Она часто заморгала густыми ресницами, обрамляющими большие мечтательные глаза, и сказала:
— Спасибо, Шелл.
— Еще одно, Холли.
— Да?
— Ты говорила, что не знаешь, почему Мэйс приехал к тебе домой на следующее утро после того, как засек тебя на вечеринке, и преследовал тебя до центра города.
— Верно. Я и сейчас не знаю.
— Рассмотрим происшедшее с другой стороны. Брэйн закончил фальшивое «ню» Вандры — девушки Мэйса, не будем об этом забывать, и, возможно, уже приступил к вымогательству. Он мог угрожать, что выставит картину в витрине своей мастерской. Вандра, естественно, знала, что на картине изображено не ее тело, но это ее не спасло бы. То же самое можно сказать и о Мэйсе, если он видел картину. Далее. В ночь убийства Мэйс ожидал снаружи Вандру. Он видел, как ты убежала оттуда, даже не остановившись, когда он тебя окликнул. Потом он узнал, что Брэйн мертв. Он парень сообразительный. К тому же накануне он застал тебя в мастерской позирующей обнаженной для картины. Мэйс мог сложить два и два и сделать единственно правильный вывод, что на картине изображено твое тело. Однако он мог пойти дальше и решить, что ты была заодно с Брэйном в шантаже. Это вполне логично. По крайней мере, объясняет, почему на следующее утро он не поленился отыскать твой адрес и поехать к тебе домой.
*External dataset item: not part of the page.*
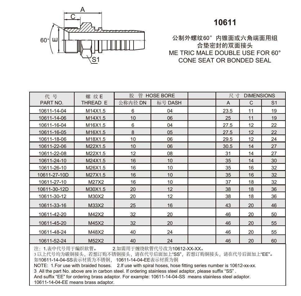 10611 公制外螺紋60°內錐面或六角端面用組合墊密封的雙面接頭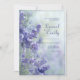 Set an ethereal and romantic tone for your celebration with this dreamy botanical layout. This design features a lush cluster of vibrant purple lavender on the left, showcasing delicate blossoms and soft green stems. The scene is anchored by a thin, dark indigo rectangular frame set against a beautiful, misty blue and white bokeh background that evokes a peaceful morning in a sun-drenched garden. The soft-focus effect and tranquil color palette provide a sophisticated, fine-art feel for your event details. This design is a stunning choice for an elegant spring wedding or a whimsical outdoor garden ceremony. Its calming lavender and misty blue palette makes it a perfect fit for a serene bridal shower, a refined engagement party, or an intimate vineyard reception. This layout pairs beautifully with themes like modern romantic, cottagecore, or fine-art botanical, and coordinates flawlessly with silver accents, slate blue linens, and natural floral arrangements.

С минуту я колебался, потом продолжил:
— Знаешь, Мэйс не только считает тебя сообщницей Брэйна в шантаже, но и думает, что его прихлопнула ты.
Она нахмурилась и яростно возразила:
— Это же глупо! — Вздохнув, она добавила: — Но логично.
— Не волнуйся, я не думаю так, как Мэйс.
На какое-то время воцарилось молчание — мы оба размышляли. Надевая пеньюар, Холли уронила газету на пол. Я поднял ее, сел на стул и впервые прочитал хронику. Имя Вандры не упоминалось вовсе, зато репортер обыграл обнаружение картины в мастерской как шаг в расследовании убийства Брэйна. Но даже без имен хлопот не оберешься. И, судя по всему, меня ожидал отнюдь не рай.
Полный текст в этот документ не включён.